In one embodiment, a bumper pad 120 comprises between 1 and 50 holes,
preferably
between 2 and 30 holes, more preferably between 6 and 20 holes. The holes or
openings
1120 can have any geometric shape know in the art such as circular,
rectangular,
triangular, oval, longitudinal, curved inwardly or outwardly relative to the
center of the
bumper pad and still provide the same benefits. Fig. 6B shows an example of a
bumper
pad 120 including four longitudinal opening 1125 curved inwardly. In addition
to
increasing the aptitude of the bumper pad to deform, the holes or openings
1120 also help
to drain liquids through the bumper pad when the bumper pad is rinsed under a
stream of
water.
In a preferred embodiment, the bumper pad 120 is made of a substantially
nonabsorbent material. By "substantially nonabsorbent material", it is meant
that the
weight of water absorbed into an originally dry bumper pad, and after 5
minutes of full
immersion in water without undue deformation or squeezing of the bumper pad,
is less
than about 50% of the weight of the dry bumper pad, preferably less than about
30%,
more preferably less than about 20%, even more preferably less than about 10%
and most
preferably less than about 2% of the weight of the dry bumper pad.

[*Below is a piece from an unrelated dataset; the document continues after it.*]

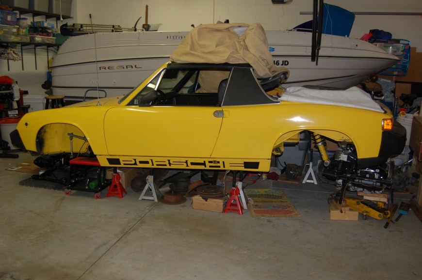 My Porsche fascination began back in the early 70's racing 917 Can Am slot cars in the basement of my house when I was 7 or 8 yrs old...When I was Freshman in college (1982-83)I began a searching for a 912. I couldn't find one in my price range. I met a woman taking some college courses and after studying on campus one evening I walked her out to her car. When when she stopped at a yellow 914 with For Sale sign in the back window I said "is this yours?" She replied..."no it belongs to my husband...he bought it new in 1975 at the dealer in Sarasota, FL. and he just ordered a new 911SC so this is up for sale". I asked her for the price and she told me she would have to let me know the next day. Within three days I purchased the car for $4750.00 with a loan from my dad. I drove it for a the balance of my college years at the University of Florida. Much fun...many autocrosses and few DE's with PCA. The car sat on jackstands in my aunts garage from 1988 until 2001. It had battery tray rot and needed an inner wheelhouse, rear floor pan etc. I began working on its restoration. About two years ago I decided to convert it to a six after picking up a motor and many conversion pieces from a guy who had planned to convert his 75 914 to a six...Within about a month I found out that another local guy here in Orlando by the name of Rick purchased the 75 roller from Jim.. the guy I bought the conversion bits from. After meeting him through PM on this site he told me he planned to convert the roller to a six as well ! The world of 914's is crazy...Here are a few pics of the car. I will begin posting more as the project progresses. Today I rough installed the RJ bulkhead mount. |

Among other
benefits, since the cleaning implement is used with a disposable cleaning
substrate, the
majority of the dirt removed from the surface being cleaned is trapped into
the disposable
substrate. As a result, only a residual amount of dirty solution is left of
the nonabsorbent
bumper pad after the cleaning operation, and this residual amount can easily
be rinsed off
with water. Consequently, the cleaning implement provides a hygienic/sanitary
way to
clean surfaces as opposed to conventional sponges.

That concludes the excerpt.